Parallel to the high axial myopia associated enlargement of the optic nerve head, the lamina cribrosa as the porous cover plate of the opening in the peripapillary scleral flange shows a stretching and thinning.29, 30 It decreases the distance between the intraocular pressure compartment and the retrolaminar orbital cerebrospinal fluid pressure compartment.31 With the pressures in both compartments unchanged (ie, an unchanged trans-lamina cribrosa pressure difference), a reduced distance leads to an steepened pressure gradient between both compartments. This may be one of the reasons (besides morphological changes in the stretched and elongated lamina cribrosa, and thinning of the peripapillary scleral flange) that is responsible for the increased glaucoma susceptibility of highly myopic eyes.11
With the increase in the aperture of the peripapillary scleral flange opening (so-called scleral canal of the optic nerve head) but with the optic nerve remaining constant in size, the peripheral posterior surface of the lamina cribrosa is no longer covered and buffered by the solid tissue of the optic nerve head, but gets exposed to the orbital cerebrospinal fluid space.30 As the fluid offers much less mechanical resistance against a deformation than the solid optic nerve tissue, pressure-related pathological changes may predominantly take place in the periphery of the lamina cribrosa close at the optic disc border.
This may be the anatomic basis for the development of so-called acquired pits of the optic nerve head (‘APONs') in glaucomatous eyes.32, 33 These APONS are typically located sharply at the optic disc border at the 6 o'clock position or 12 o'clock position.
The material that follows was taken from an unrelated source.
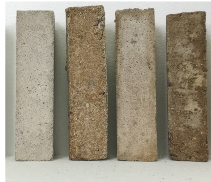
Figure 3: NHL mortars specimens

They are located at the disc border, as the peripheral outer surface of the lamina cribrosa may no longer be supported by the optic nerve tissue. They are located at the vertical disc poles, as the optic disc shape is usually slightly vertically oval, so that, with a circular optic nerve shape, the vertical poles are the first regions where the posterior lamina cribrosa surface gets exposed to the cerebrospinal fluid space.30 Interestingly, clinical studies have shown that the early glaucomatous visual field defects and early retinal nerve fiber layer loss correspond to a loss of retinal ganglion cells located close to the temporal raphe, with the axons originating in that area being located close at the optic disc border within the optic nerve head.34
In the parapapillary region, highly axially myopic eyes show, in addition to the parapapillary gamma zone, a marked elongation and corresponding thinning of the peripapillary scleral flange.35 If the normal thickness of the flange is about 0.40 mm, it can get reduced to 50 μm in highly axially myopic eyes, parallel to an elongation of about 0.5–5.0 mm. As the peripapillary scleral flange is the biomechanical anchor of the lamina cribrosa, any weakening of the flange, such as thinning, may have a consequence for the biomechanical stability of the lamina cribrosa and the fibers passing through it.36
The peripapillary border tissue (‘of Elschnig') is in its thickness mostly independent of the axial length of the globe (own data). The so-called peripapillary ring is probably just the peripapillary border tissue that is the continuation of the pia mater of the optic nerve. In highly axially myopic eyes with a large parapapillary gamma zone (ie, with the Bruch́s membrane absent at the optic disc border), the ophthalmoscopically detectable peripapillary ring may be just the pia mater of the optic nerve.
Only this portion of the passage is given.